DATA PROVIDED Start Marker

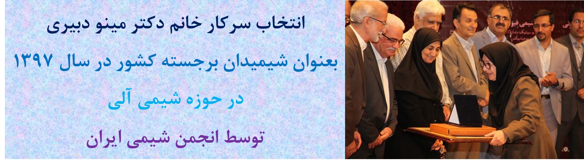 در مراسم افتتاحیه بیستمین کنگره شیمی ایران در دانشگاه فردوسی مشهد، سرکار خانم دکتر مینو دبیری استاد شیمی آلی دانشکده علوم شیمی و نفت بعنوان شیمیدان برجسته کشور در سال 1397 از طرف انجمن شیمی ایران معرفی و مورد تقدیر قرار گرفتند.
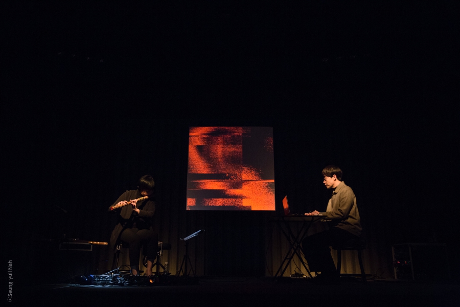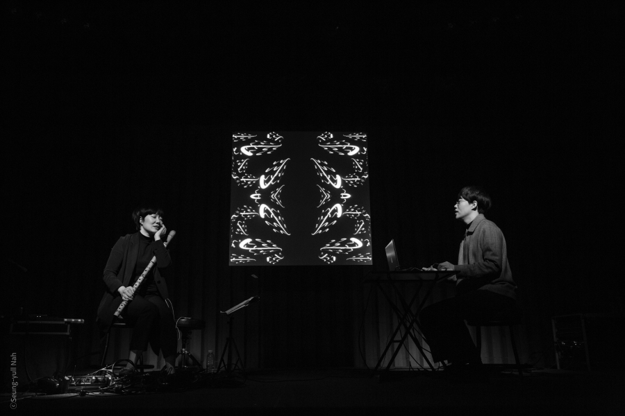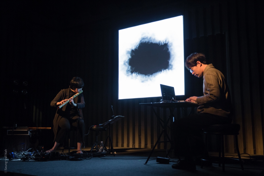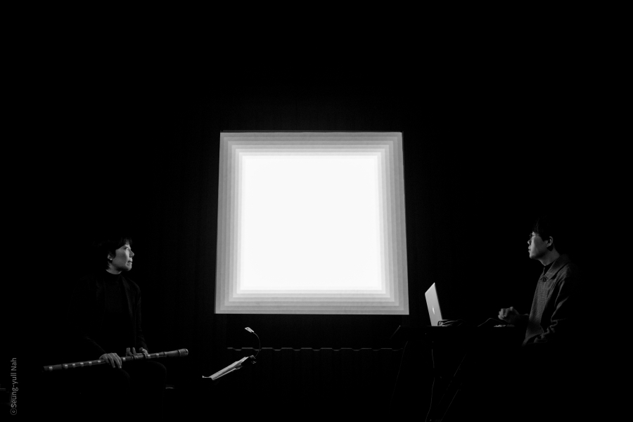 The act of looking out, starting with gazing at things outside the ‘gate’ which in turn becomes an observation, provokes a question and even ventures into an abyss. Daegeum (traditional Korean bamboo flute) artist Cha Seungmin and visual artist Lee Seonguk’s ‘Eye Gate’ starts questioning the possibility of two different forms of media to have an equal status. It then gazes at, contemplates and observes what is beyond the 〈gate〉 (It is not only about eyes and a window but also about a question and answer.) and discovers the relationship among the beings it encounters that are projected and mutually responsive. Finally, the discovery becomes a visual and aural presentation as a piece.
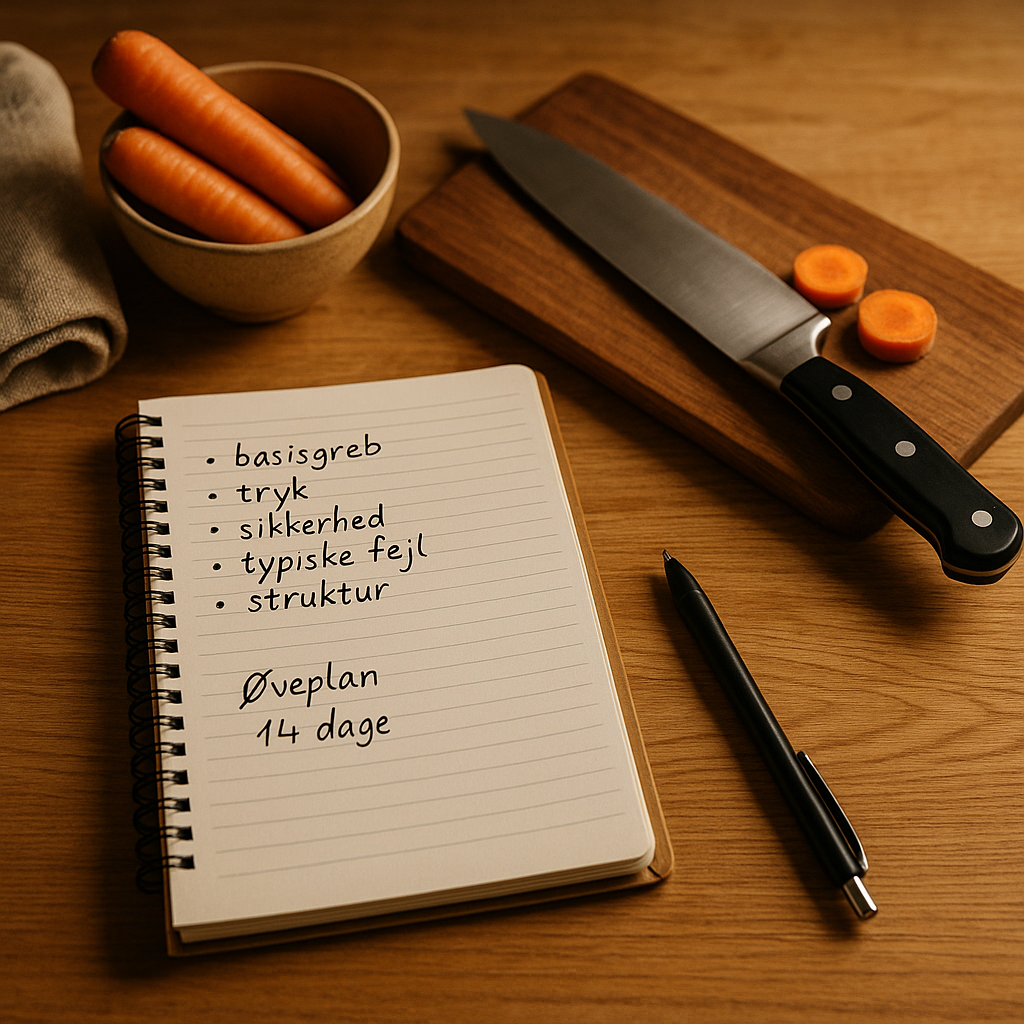 - Dag 3: 10 min: øv ergonomi (bløde knæ, neutral hånd). Skift mellem håndflade og underarm.
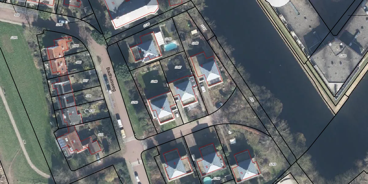 Badhuisweg 33 is gelegen op kadastraal perceel ZPN00D1247. Deze kadastrale aanduiding is uniek en wordt gebruikt door het Kadaster om eigendomsrechten en andere zakelijke rechten vast te leggen. Het perceel maakt onderdeel uit van de kadastrale gemeente Zutphen.
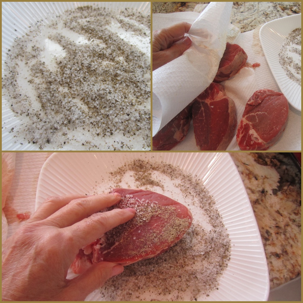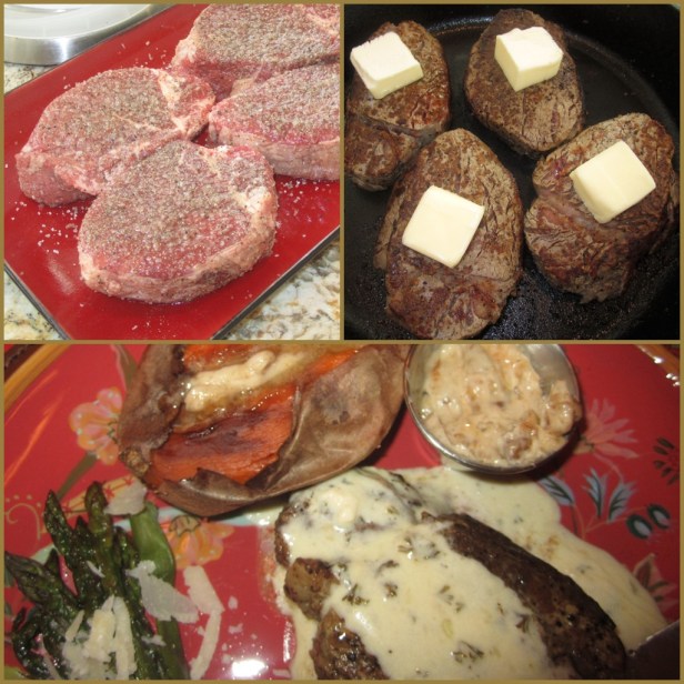 Remove the steaks to a serving platter, cover tightly with aluminum foil and allow to rest at room temperature for 10 minutes. Serve hot with Blue Cheese Sauce. Serves 4. Note: Can also wrap filets with bacon and secure with a toothpick.

DATA PROVIDED End Marker

EXERCISE — Reproduce exactly the lines above from the one with "The act of looking" through the last line of the data, keeping both ends and dropping the pictures.

ANSWER SECTION —
 The act of looking out, starting with gazing at things outside the ‘gate’ which in turn becomes an observation, provokes a question and even ventures into an abyss. Daegeum (traditional Korean bamboo flute) artist Cha Seungmin and visual artist Lee Seonguk’s ‘Eye Gate’ starts questioning the possibility of two different forms of media to have an equal status. It then gazes at, contemplates and observes what is beyond the 〈gate〉 (It is not only about eyes and a window but also about a question and answer.) and discovers the relationship among the beings it encounters that are projected and mutually responsive. Finally, the discovery becomes a visual and aural presentation as a piece.
 - Dag 3: 10 min: øv ergonomi (bløde knæ, neutral hånd). Skift mellem håndflade og underarm.
 Badhuisweg 33 is gelegen op kadastraal perceel ZPN00D1247. Deze kadastrale aanduiding is uniek en wordt gebruikt door het Kadaster om eigendomsrechten en andere zakelijke rechten vast te leggen. Het perceel maakt onderdeel uit van de kadastrale gemeente Zutphen.
 Remove the steaks to a serving platter, cover tightly with aluminum foil and allow to rest at room temperature for 10 minutes. Serve hot with Blue Cheese Sauce. Serves 4. Note: Can also wrap filets with bacon and secure with a toothpick.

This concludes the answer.